Posts Tagged ‘contempt’

Contempt

May 27, 2015

contempt

Alberto Moravia’s Contempt is a story of two competing dreams. In it, Riccardo recounts the collapse of his marriage from two years of what he describes as perfection to irreconcilable division. The novel is his attempt to chart the decline, to identify the turning point, and to understand why it all went wrong. We are, of course, limited to his point of view – even when his wife, Emilia, is allowed a voice, she deflects his questions and refuses to explain herself on, or in, Riccardo’s terms.

Riccardo seems, at first, the perfect husband: loving, attentive, and, above all, concerned with providing Emilia with the kind of life he feels she wants. To this end, after two years of living in a room in a lodging house, he leases a flat:

“In doing this I did not, however, experience the joyful feelings of a man preparing a home for his bride; on the contrary I was anxious and seriously distressed because I did not know in the least how I would manage when, a few months later , the time came to pay the second instalment. At that time, in fact, I was so desperate that I had almost a feeling of rancour against Emilia who, by the tenacity of her passion had in a way forced me to take this imprudent and dangerous step.”

In order to allow his wife to fulfil her dream of owning a home (in fact described as “more a reason for living than just a dream”) Riccardo gives up his own dream of becoming a dramatist to write for the more financially rewarding film industry, ensuring that he can keep up with the payments on the flat. In retrospect, he pinpoints the night he is commissioned by film producer Battista as the moment when his marriage begins to sour, but is it his sacrifice or Emilia’s which causes this? On the night in question, she reluctantly accepts a lift in Battista’s car, leaving Riccardo to follow on alone:

“I suddenly noticed that her beautiful face, usually so clam and harmonious, was now darkened and, one might say, distorted by an almost painful perplexity.”

Despite this observation, Riccardo insists, perhaps concerned not to offend Battista, just as he insists she accompany him to future meetings despite her reluctance. Her agreement is not enough for Riccardo, however: he not only requires her to to attend, but to do so as a matter of her own choice:

“At the last moment, when she was ready to go, I would ask her, once more and for the last time, if she really disliked coming with me – not so much because by now I was doubtful of her answer, as in order to leave her no doubts about her freedom of decision.”

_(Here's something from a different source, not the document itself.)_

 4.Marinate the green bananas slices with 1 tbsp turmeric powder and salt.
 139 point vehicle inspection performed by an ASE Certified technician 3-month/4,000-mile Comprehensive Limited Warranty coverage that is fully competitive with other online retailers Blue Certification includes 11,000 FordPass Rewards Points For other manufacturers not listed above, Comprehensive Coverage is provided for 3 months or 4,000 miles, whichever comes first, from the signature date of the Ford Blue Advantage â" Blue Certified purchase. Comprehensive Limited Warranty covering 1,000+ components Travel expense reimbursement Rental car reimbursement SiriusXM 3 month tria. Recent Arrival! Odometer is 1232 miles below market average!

This is an interesting insight into Riccardo’s need to control Emilia, and not only to control her actions but her thoughts and feelings. When she tells him she still loves him, he simply believes she is lying in order to retain the flat; when she says she cares nothing for the flat, he again cannot believe her:

“I saw that she had now entered, for some reason unknown to me, upon the path of deceit, and I told myself it would serve no purpose to exasperate her by contradicting her and reminding her of how much she had once desired what she now made such a show of despising.”

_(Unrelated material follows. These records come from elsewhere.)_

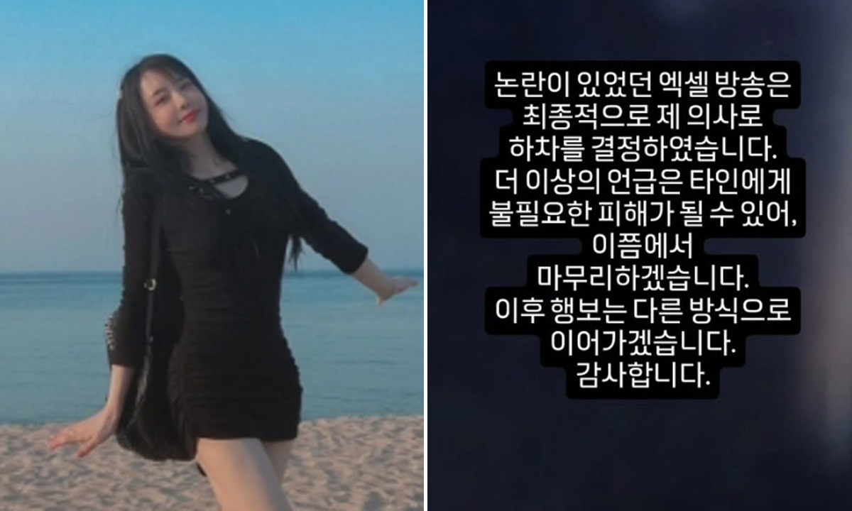 서유리는 20일 인스타그램에 "논란이 있었던 엑셀 방송은 최종적으로 제 의사로 하차를 결정했습니다, 더 이상의 언급은 타인에게 불필요한 피해가 될 수 있어 이쯤에서 마무리하겠습니다, 이후 행보는 다른 방식으로 이어가겠습니다"라는 글을 올렸다.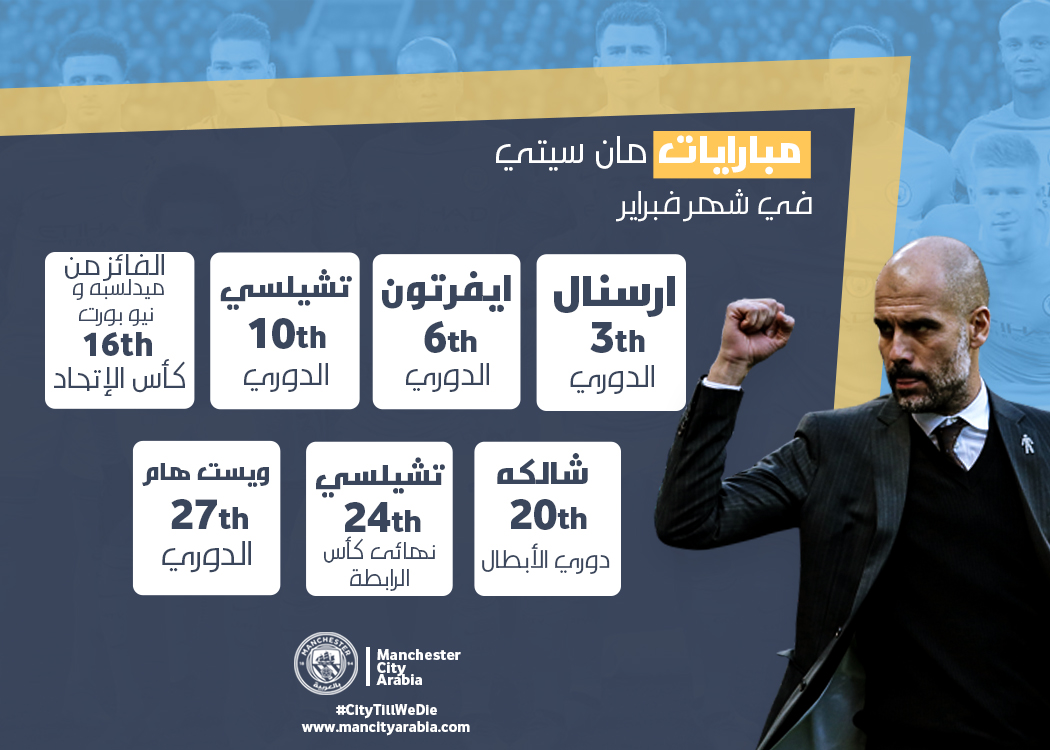 ينتظر مانشستر سيتى جدول قوى من المباريات لشهر فبراير 2019 فى جميع البطولات ويستعرض الموقع العربى لمانشستر سيتى جدول المباريات وهو كالأتى :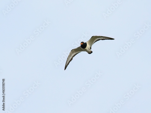 Eurasian Oystercatcher in Flight Against Clear Blue Sky

Whenever Emilia contradicts his understating of her, he dismisses it. Thus when he forces her to admit that she feels contempt for him (a result of endlessly arguing she does not love him anymore) he is as much frustrated by her refusals to explain as by her revelation – in fact, we sense he cannot believe her without access to her reasoning, perhaps because on this occasion he cannot provide his own: “it was quite impossible that Emilia could have a reason for ceasing to love me.”

Battista invites Riccardo (and, of course, Emilia) to stay in his villa in Capri and work with director Rheingold on a script for a film version of the Odyssey, a story which Moravia uses to echo Riccardo and Emilia’s relationship. It is there that events play out to their conclusion.

Contempt is a forensic examination of the failure of a relationship but one where much of the analysis is ironic and the reader must remain awake and aware to see where the cracks are truly forming. Contempt was my first experience of Moravia, but it won’t be my last. Thanks to Richard and Frances for encouraging me to read the novel, and for enlightening me with their wonderful reviews.